--- Records supplied ---
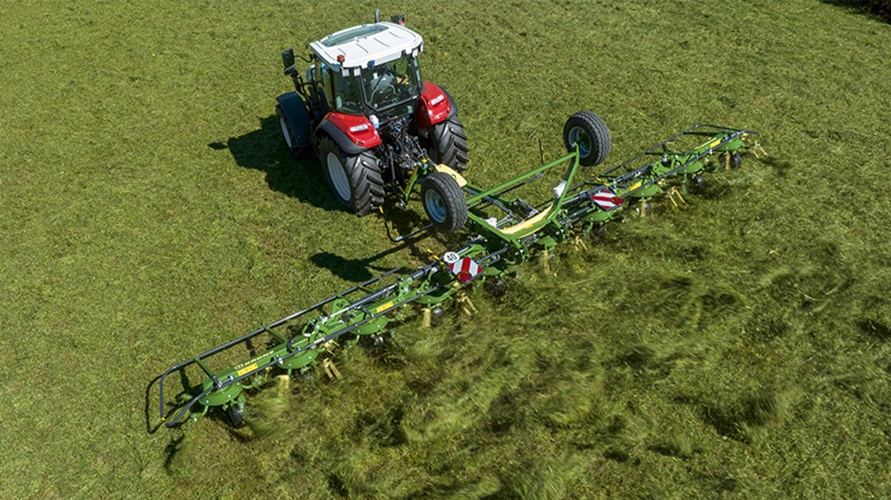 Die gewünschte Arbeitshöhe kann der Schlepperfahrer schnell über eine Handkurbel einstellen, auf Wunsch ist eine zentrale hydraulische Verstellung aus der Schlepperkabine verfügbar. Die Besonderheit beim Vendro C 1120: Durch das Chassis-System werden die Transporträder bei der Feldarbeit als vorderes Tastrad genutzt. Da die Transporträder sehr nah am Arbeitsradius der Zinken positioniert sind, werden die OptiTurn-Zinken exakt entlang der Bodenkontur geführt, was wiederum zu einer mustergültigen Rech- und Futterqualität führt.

==

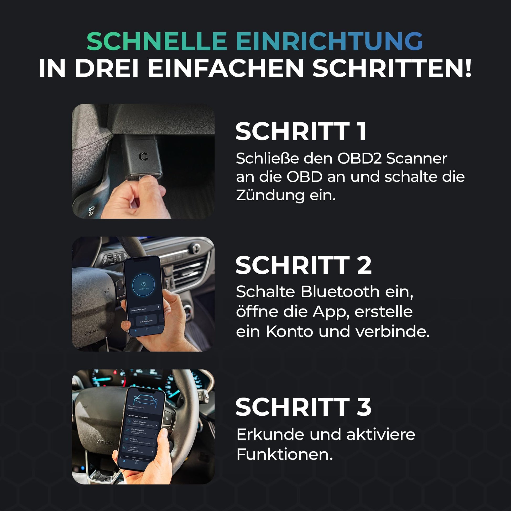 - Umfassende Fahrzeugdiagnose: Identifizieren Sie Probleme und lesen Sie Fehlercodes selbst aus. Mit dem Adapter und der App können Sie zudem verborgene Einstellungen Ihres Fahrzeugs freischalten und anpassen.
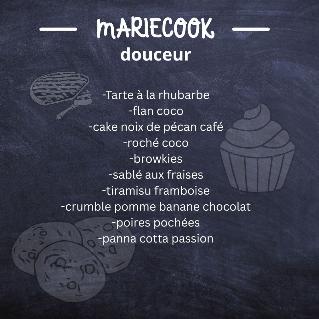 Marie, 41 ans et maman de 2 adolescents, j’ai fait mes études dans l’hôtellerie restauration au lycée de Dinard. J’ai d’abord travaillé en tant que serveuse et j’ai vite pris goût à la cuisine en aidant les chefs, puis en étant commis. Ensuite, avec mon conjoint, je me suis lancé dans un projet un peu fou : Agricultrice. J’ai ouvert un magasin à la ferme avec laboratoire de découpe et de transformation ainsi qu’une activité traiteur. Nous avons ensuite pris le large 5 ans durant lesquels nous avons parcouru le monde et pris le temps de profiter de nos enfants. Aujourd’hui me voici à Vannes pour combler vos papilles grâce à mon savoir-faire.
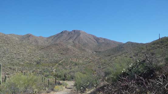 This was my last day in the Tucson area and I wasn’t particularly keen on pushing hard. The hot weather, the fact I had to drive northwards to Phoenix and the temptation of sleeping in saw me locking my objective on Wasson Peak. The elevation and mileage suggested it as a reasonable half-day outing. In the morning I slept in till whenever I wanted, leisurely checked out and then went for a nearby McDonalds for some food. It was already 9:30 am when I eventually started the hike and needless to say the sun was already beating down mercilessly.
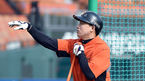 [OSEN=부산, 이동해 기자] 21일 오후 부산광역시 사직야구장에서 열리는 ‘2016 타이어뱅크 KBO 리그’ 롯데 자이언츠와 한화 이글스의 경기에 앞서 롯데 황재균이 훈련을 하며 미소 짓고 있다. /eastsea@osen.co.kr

--- Your assignment ---
Everything above from the line that has "This was my" down to the line that has "[OSEN=부산, 이동해 기자]" should be output exactly, with both of those lines included. Leave the pictures behind.

--- Problem solution ---
 This was my last day in the Tucson area and I wasn’t particularly keen on pushing hard. The hot weather, the fact I had to drive northwards to Phoenix and the temptation of sleeping in saw me locking my objective on Wasson Peak. The elevation and mileage suggested it as a reasonable half-day outing. In the morning I slept in till whenever I wanted, leisurely checked out and then went for a nearby McDonalds for some food. It was already 9:30 am when I eventually started the hike and needless to say the sun was already beating down mercilessly.
 [OSEN=부산, 이동해 기자] 21일 오후 부산광역시 사직야구장에서 열리는 ‘2016 타이어뱅크 KBO 리그’ 롯데 자이언츠와 한화 이글스의 경기에 앞서 롯데 황재균이 훈련을 하며 미소 짓고 있다. /eastsea@osen.co.kr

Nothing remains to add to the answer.